Records drawn from a dataset:

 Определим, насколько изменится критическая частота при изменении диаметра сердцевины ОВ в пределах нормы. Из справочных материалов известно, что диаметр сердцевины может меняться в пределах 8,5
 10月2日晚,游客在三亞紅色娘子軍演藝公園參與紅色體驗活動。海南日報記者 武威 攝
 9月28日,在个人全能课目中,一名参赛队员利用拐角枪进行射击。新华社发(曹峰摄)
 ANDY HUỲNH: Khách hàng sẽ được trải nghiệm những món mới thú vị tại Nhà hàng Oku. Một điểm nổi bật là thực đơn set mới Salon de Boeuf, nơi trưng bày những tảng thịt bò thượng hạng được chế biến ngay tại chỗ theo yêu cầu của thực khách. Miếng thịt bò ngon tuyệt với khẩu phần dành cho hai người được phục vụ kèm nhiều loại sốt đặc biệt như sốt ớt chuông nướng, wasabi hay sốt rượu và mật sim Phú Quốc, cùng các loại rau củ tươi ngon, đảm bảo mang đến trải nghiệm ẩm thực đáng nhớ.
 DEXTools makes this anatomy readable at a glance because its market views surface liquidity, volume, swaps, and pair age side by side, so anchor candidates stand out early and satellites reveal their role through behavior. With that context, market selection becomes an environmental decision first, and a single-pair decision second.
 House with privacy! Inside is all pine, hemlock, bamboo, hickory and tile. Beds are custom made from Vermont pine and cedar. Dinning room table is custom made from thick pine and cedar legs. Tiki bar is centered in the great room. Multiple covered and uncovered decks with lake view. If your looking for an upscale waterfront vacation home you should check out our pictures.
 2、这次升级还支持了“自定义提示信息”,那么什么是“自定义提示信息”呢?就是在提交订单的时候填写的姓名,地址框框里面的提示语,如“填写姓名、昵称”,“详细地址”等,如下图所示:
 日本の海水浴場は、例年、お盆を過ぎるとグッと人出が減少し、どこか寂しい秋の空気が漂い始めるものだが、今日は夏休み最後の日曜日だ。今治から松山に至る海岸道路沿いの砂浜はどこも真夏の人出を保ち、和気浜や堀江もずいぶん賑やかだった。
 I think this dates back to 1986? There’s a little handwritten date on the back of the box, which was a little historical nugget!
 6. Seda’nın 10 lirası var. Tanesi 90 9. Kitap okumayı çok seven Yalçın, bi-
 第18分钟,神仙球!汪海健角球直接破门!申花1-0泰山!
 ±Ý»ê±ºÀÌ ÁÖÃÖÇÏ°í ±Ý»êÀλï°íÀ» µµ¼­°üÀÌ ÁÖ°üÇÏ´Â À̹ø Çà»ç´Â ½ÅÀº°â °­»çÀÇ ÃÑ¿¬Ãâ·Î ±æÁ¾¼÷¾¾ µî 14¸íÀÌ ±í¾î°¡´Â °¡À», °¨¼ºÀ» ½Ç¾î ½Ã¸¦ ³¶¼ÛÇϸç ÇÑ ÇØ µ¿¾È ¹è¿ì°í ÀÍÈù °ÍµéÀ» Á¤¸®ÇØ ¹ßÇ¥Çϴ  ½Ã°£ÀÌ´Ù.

**What to do:** Write out a word-for-word copy of every entry above.

**Written answer:**
 Определим, насколько изменится критическая частота при изменении диаметра сердцевины ОВ в пределах нормы. Из справочных материалов известно, что диаметр сердцевины может меняться в пределах 8,5
 10月2日晚,游客在三亞紅色娘子軍演藝公園參與紅色體驗活動。海南日報記者 武威 攝
 9月28日,在个人全能课目中,一名参赛队员利用拐角枪进行射击。新华社发(曹峰摄)
 ANDY HUỲNH: Khách hàng sẽ được trải nghiệm những món mới thú vị tại Nhà hàng Oku. Một điểm nổi bật là thực đơn set mới Salon de Boeuf, nơi trưng bày những tảng thịt bò thượng hạng được chế biến ngay tại chỗ theo yêu cầu của thực khách. Miếng thịt bò ngon tuyệt với khẩu phần dành cho hai người được phục vụ kèm nhiều loại sốt đặc biệt như sốt ớt chuông nướng, wasabi hay sốt rượu và mật sim Phú Quốc, cùng các loại rau củ tươi ngon, đảm bảo mang đến trải nghiệm ẩm thực đáng nhớ.
 DEXTools makes this anatomy readable at a glance because its market views surface liquidity, volume, swaps, and pair age side by side, so anchor candidates stand out early and satellites reveal their role through behavior. With that context, market selection becomes an environmental decision first, and a single-pair decision second.
 House with privacy! Inside is all pine, hemlock, bamboo, hickory and tile. Beds are custom made from Vermont pine and cedar. Dinning room table is custom made from thick pine and cedar legs. Tiki bar is centered in the great room. Multiple covered and uncovered decks with lake view. If your looking for an upscale waterfront vacation home you should check out our pictures.
 2、这次升级还支持了“自定义提示信息”,那么什么是“自定义提示信息”呢?就是在提交订单的时候填写的姓名,地址框框里面的提示语,如“填写姓名、昵称”,“详细地址”等,如下图所示:
 日本の海水浴場は、例年、お盆を過ぎるとグッと人出が減少し、どこか寂しい秋の空気が漂い始めるものだが、今日は夏休み最後の日曜日だ。今治から松山に至る海岸道路沿いの砂浜はどこも真夏の人出を保ち、和気浜や堀江もずいぶん賑やかだった。
 I think this dates back to 1986? There’s a little handwritten date on the back of the box, which was a little historical nugget!
 6. Seda’nın 10 lirası var. Tanesi 90 9. Kitap okumayı çok seven Yalçın, bi-
 第18分钟,神仙球!汪海健角球直接破门!申花1-0泰山!
 ±Ý»ê±ºÀÌ ÁÖÃÖÇÏ°í ±Ý»êÀλï°íÀ» µµ¼­°üÀÌ ÁÖ°üÇÏ´Â À̹ø Çà»ç´Â ½ÅÀº°â °­»çÀÇ ÃÑ¿¬Ãâ·Î ±æÁ¾¼÷¾¾ µî 14¸íÀÌ ±í¾î°¡´Â °¡À», °¨¼ºÀ» ½Ç¾î ½Ã¸¦ ³¶¼ÛÇϸç ÇÑ ÇØ µ¿¾È ¹è¿ì°í ÀÍÈù °ÍµéÀ» Á¤¸®ÇØ ¹ßÇ¥Çϴ  ½Ã°£ÀÌ´Ù.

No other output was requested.